D. Craig Allred, MD

2007-2008 BCRF Project:
Human invasive breast cancers (IBCs) are potentially lethal. They develop from pre-existing non-invasive breast cancers, referred to as ductal carcinoma in situ (DCIS), which are non-lethal. Understanding how breast cancers invade could lead to new strategies to prevent it, and success will almost certainly be based on a detailed understanding of the biological alterations responsible for invasion. Unfortunately, very little is known about these alterations.

Recent microarray experiments from Dr. Allred's laboratory comparing human DCIS and IBCs have identified a large number of genes which may be important. A surprising number of these genes are present in stromal cells adjacent to tumor cells, and understanding how they function will be difficult without studying intact systems including both types of cells. The Allred team has also recently developed strategies to grow human DCIS (including tumor and stromal cells) in the breast tissue of laboratory models, and these living models are promising new tools to study the progression of DCIS to IBC. The goal of this year's proposed studies is to genetically engineer some of the changes observed in microarray studies into the tumor and stromal cells of the researchers' DCIS models to identify which genes are involved in the progression to IBC. Identifying the genes involved in tumor invasion is an essential first step towards developing new therapeutic strategies to prevent it.

Mid-Year Progress Report:
Ductal carcinoma in situ (DCSI) is the precursor of most human invasive breast cancers (IBCs). Unlike DCIS, IBCs are potentially lethal and preventing the progression of the former to the latter would save many lives. Despite a substantial body of work, the mechanisms of progression remain unknown. Many studies have focused on assessing various biological characteristics and differences in the tumor epithelial cells of DCIS and IBCs. Surprisingly, they are very similar for nearly every feature that has been evaluated, including specific mutations and genes expression profiles assessed by microarrays (e.g. basal, luminal, and erbB2 intrinsic subtypes).

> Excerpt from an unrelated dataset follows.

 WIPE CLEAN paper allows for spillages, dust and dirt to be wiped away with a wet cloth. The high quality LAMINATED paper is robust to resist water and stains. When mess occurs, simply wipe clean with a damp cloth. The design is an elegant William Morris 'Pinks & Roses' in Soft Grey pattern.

One of the most important conceptual advances in this field is the recent realization that adjacent stromal cells are being actively recruited by tumor epithelial cells to promote and sustain invasion, and understanding this process will require model systems with both compartments. Dr. Allred proposed to study this interaction using recently developed models of DCIS, developed by Dr. Allred and his collaborators (especially Dr. Dan Medina at Baylor College of Medicine), and are the first of their kind.

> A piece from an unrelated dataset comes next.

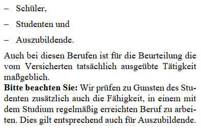 Viele Versicherer weichen von dieser Definition zugunsten der Versicherten ab, wie das folgende Beispiel der HDI Lebensversicherung AG zeigt:

They currently have three established models and many more under development. In addition, they have identified a large number of differentially expressed genes between the stromal and epithelial compartments of human DCIS and IBCs in previous microarray studies. The primary aim of this proposal was to genetically engineer some of these genetic differences into the HIM models, and cultured cell lines derived from them, and determine their abilities to promote and/or suppress invasion.

Bio:
Dr. Allred is an internationally recognized expert in breast pathology and research. He has served in numerous advisory positions in government, industry, and publishing on matters of scientific policy, research, and clinical care relating to breast cancer. He has been a member of the organizing committee of the San Antonio Breast Cancer Symposium, one of the most influential scientific forums on breast diseases in the world, for over 10 years.

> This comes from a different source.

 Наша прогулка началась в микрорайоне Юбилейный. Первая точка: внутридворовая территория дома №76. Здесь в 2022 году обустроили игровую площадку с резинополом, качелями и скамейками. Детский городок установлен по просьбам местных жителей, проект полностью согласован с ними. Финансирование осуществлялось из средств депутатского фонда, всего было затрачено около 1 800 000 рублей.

His research interests, supported by a variety of federal, industrial, and philanthropic grants, include: (1) the molecular basis for response and resistance to breast cancer therapy; (2) the identification of biomarkers which predict clinical outcome and response to therapy; and (3) the molecular alterations responsible for the development and progression of premalignant disease to breast cancer. Dr. Allred has authored over 180 book chapters, scientific articles, editorials, and reviews on many breast cancer-related issues.